Scientists have more respect for elevated spiritual states. Andrew Newberg of the University of Pennsylvania has shown that transcendent experiences can actually be identified and measured in the brain (people experience a decrease in activity in the parietal lobe, which orients us in space). The mind seems to have the ability to transcend itself and merge with a larger presence that feels more real.
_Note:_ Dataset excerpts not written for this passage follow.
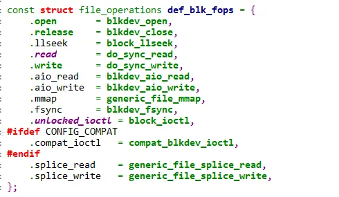 相对于字符设备,块设备的def_blk_fops的定义则要有点复杂: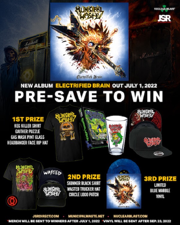 La banda estadounidense de thrash metal Municipal Waste anuncia su nuevo álbum Electrified Brain que está programado para ser lanzado mundialmente a través de Nuclear Blast el 1º de julio. El álbum será lanzado en Brasil y América Latina por la colaboración entre Shinigami Records y Nuclear Blast Records. Hoy la banda revela la portada del álbum, hecha por el artista James Bousema, el tracklist y el mortal single “Grave dive”.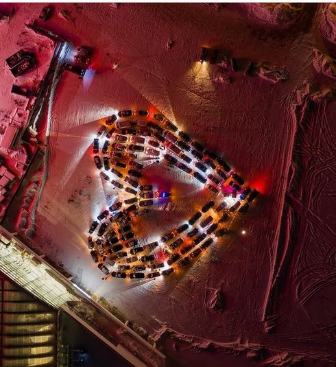 Як повідомляється, найбільша валентинка складається з 110 автомобілів. Її створили біля одного з торгових центрів у столиці.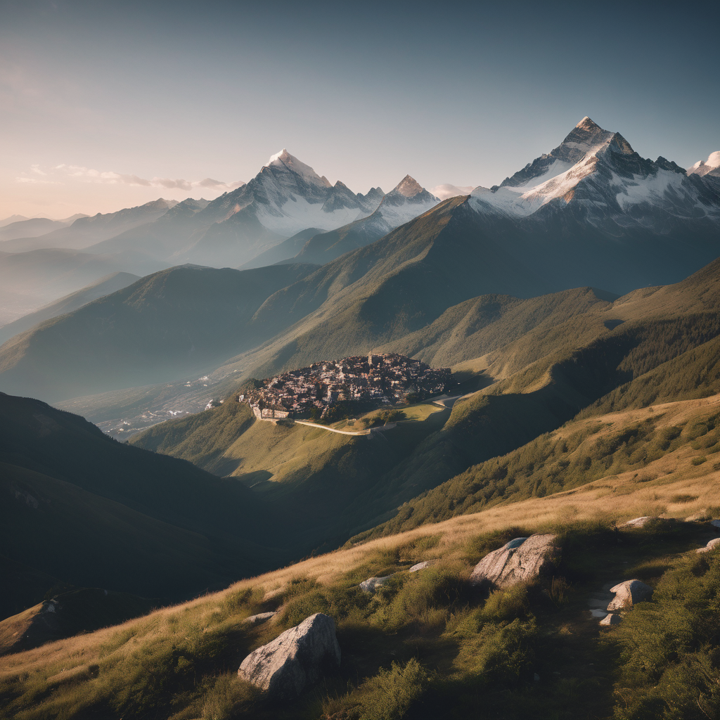 Beneath a somber and overcast sky, a vast mountain range stretches towards the horizon. The muted colors of the landscape blend seamlessly with the dull, heavy heavens above. Towering peaks and rugged valleys create a breathtaking vista, their imposing presence softened by the subdued atmosphere. Despite the lack of vibrant hues, there’s a serene and timeless beauty in the quietude of the mountain range, where nature’s grandeur meets the tranquil embrace of a dull sky.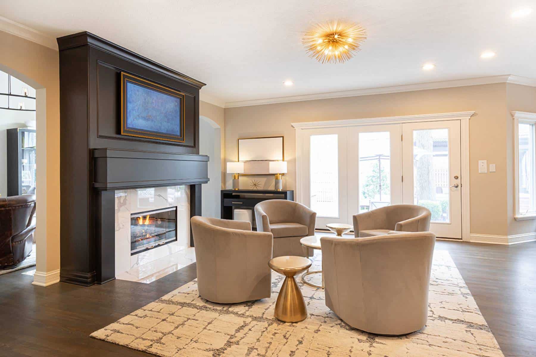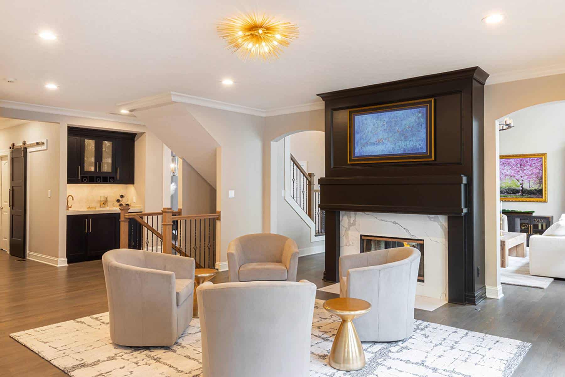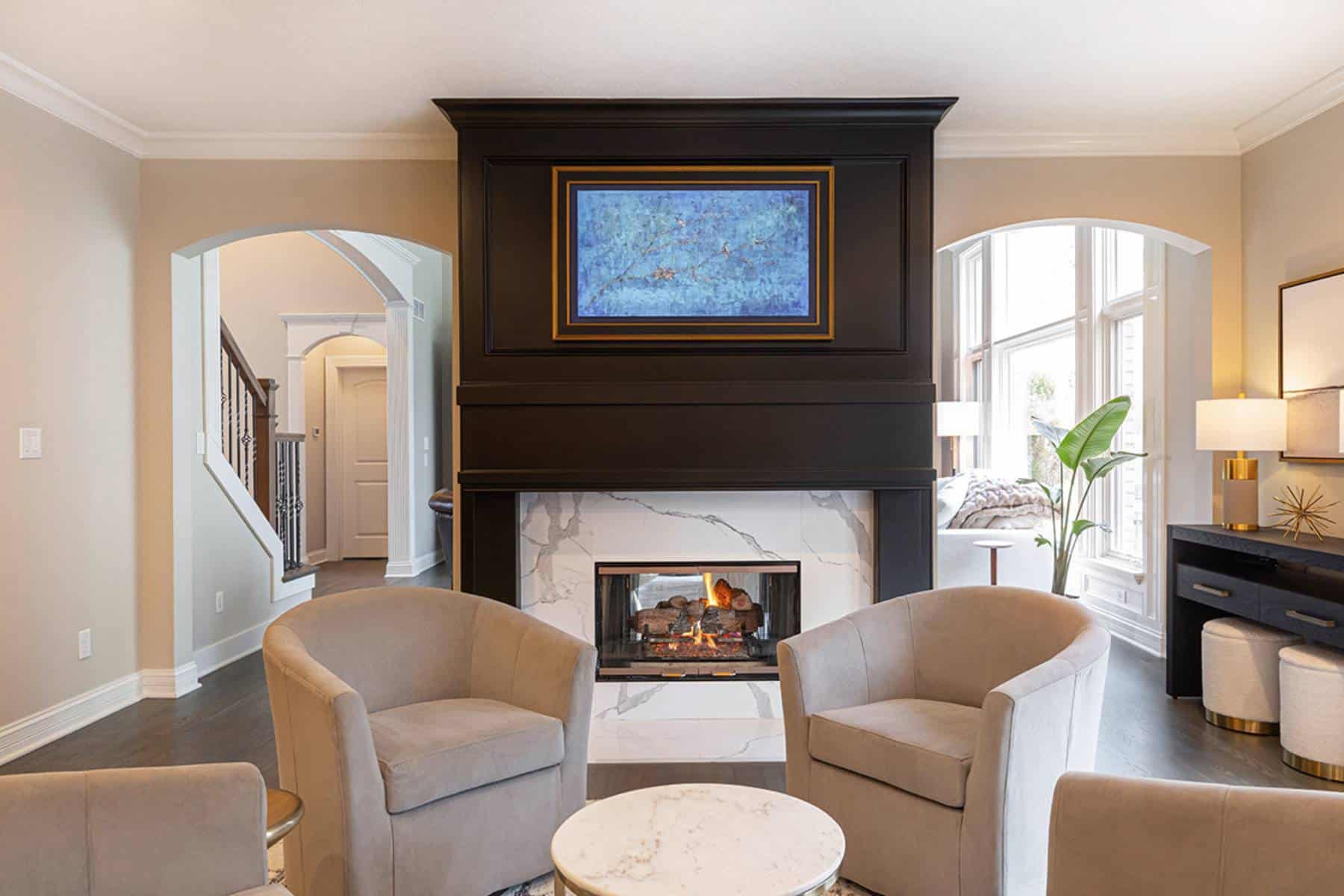 We removed built-in cabinetry around the hearth room fireplace and created a new entry into the family room. Both doorways were widened and now flaunt clean modern arches for consistency with the arches throughout the home. The circular traffic flow allows an openness for entertaining in the kitchen, hearth room and family room. We eliminated built-ins on either side of the hearth room fireplace, simplified the design, and painted the original fireplace black. We installed polished marbled white tile on the face and hearth, which gives it a modern aesthetic that coordinates well with the kitchen cabinetry.

This new wave of research will not seep into the public realm in the form of militant atheism. Instead it will lead to what you might call neural Buddhism.

...

In unexpected ways, science and mysticism are joining hands and reinforcing each other. That’s bound to lead to new movements that emphasize self-transcendence but put little stock in divine law or revelation. Orthodox believers are going to have to defend particular doctrines and particular biblical teachings. They’re going to have to defend the idea of a personal God, and explain why specific theologies are true guides for behavior day to day. I’m not qualified to take sides, believe me. I’m just trying to anticipate which way the debate is headed. We’re in the middle of a scientific revolution. It’s going to have big cultural effects.

Earlier on blog.bioethics.net:
+ David Brooks is ready for his outboard brain

-Greg Dahlmann

comments

I wrote about that this morning. Brooks clearly knows very little about Buddhism, and his attempt to reassure his audience that science, far from doing its proper job of demystifying the universe, is with mysticism "joining hands and reinforcing each other."

Brooks writes as if all of these discoveries about the emergence of mental models with practical, iterative neurophysical underpinnings is somehow "new," rather than something that's been known and written about since, oh, 1975. His column was completely unenlightening; I found it misleading and unworthy of the Times.

Didn't you used to have a buddhist blogger? It'd be interesting to get her take on this.